Just as St James has guided millions of pilgrims to his holy city in northern Spain on a pilgrimage journey of faith, so I feel that St James as our parish’s patron saint has guided this parish throughout its 100 year history. And we have a lot to be proud of in our parish. Today, we are very active in our community and involved in many social outreach programs in Tupelo, which has reflected the leadership and wisdom of many of the pastors we have had throughout the years. We have become a leader in Hispanic ministry here in our diocese, trying many new and innovative things. Yesterday, at the Saturday evening mass, we celebrated the LIMEX students that we here in Tupelo have hosted for some years now, training lay people for leadership roles in our parish and in our diocese. I always brag to my fellow priests about how I have the best liturgy committee in the diocese, another fruit of the lay leadership we have here in our parish.
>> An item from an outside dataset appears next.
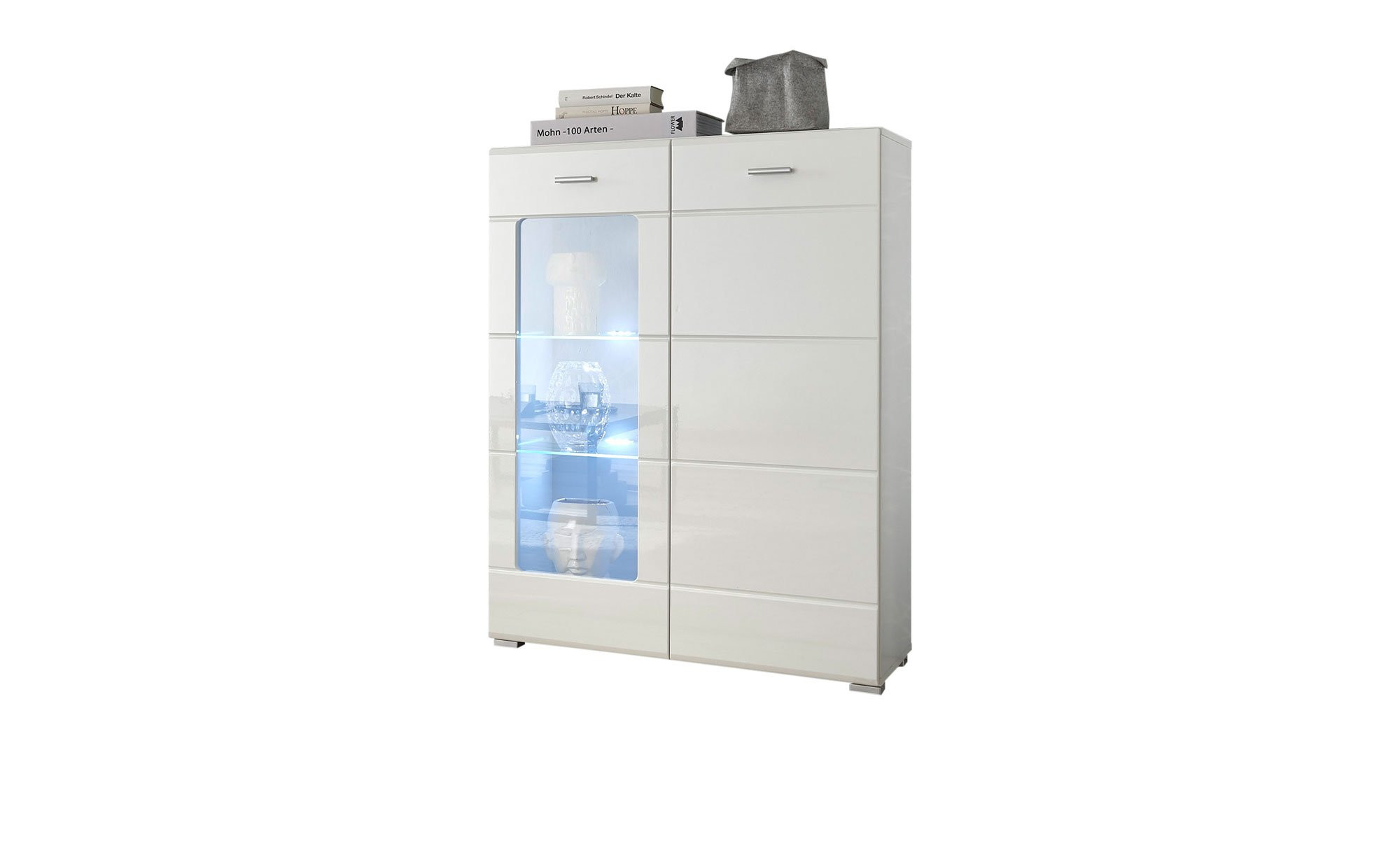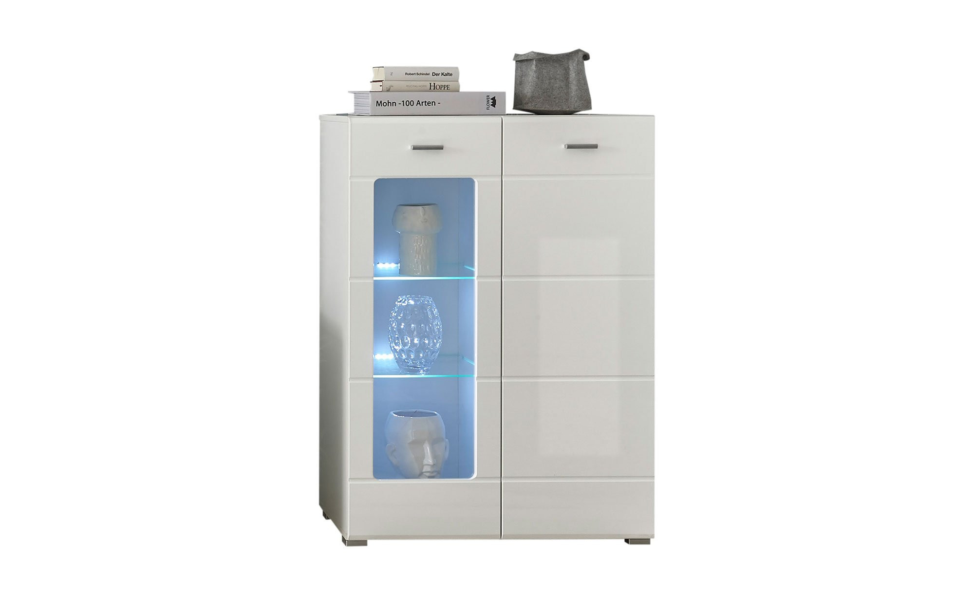Während silberne Kunststofffüße für stabilen Halt sorgen, helfen Stangengriffe derselben Farbe dabei, die Türen zu öffnen. Im Innern des Möbelstücks gibt es vier Böden.

We do have a lot to celebrate today. It is a very joyful occasion for us. And we are challenged not to just rest on our laurels and our accomplishments of the past, but we are challenged to look to the future: to be the joy of the Gospel that Pope Francis talks about. To be a welcoming, committed community that helps its members be disciples, that goes out and makes disciples. To truly be the Body of Christ. As we celebrate our mass today around the Lord’s table, as we enjoy a meal together and fellowship with our fellow parishioners, let us give thanks to the Lord for the blessings he has given our parish of St James in Tupelo.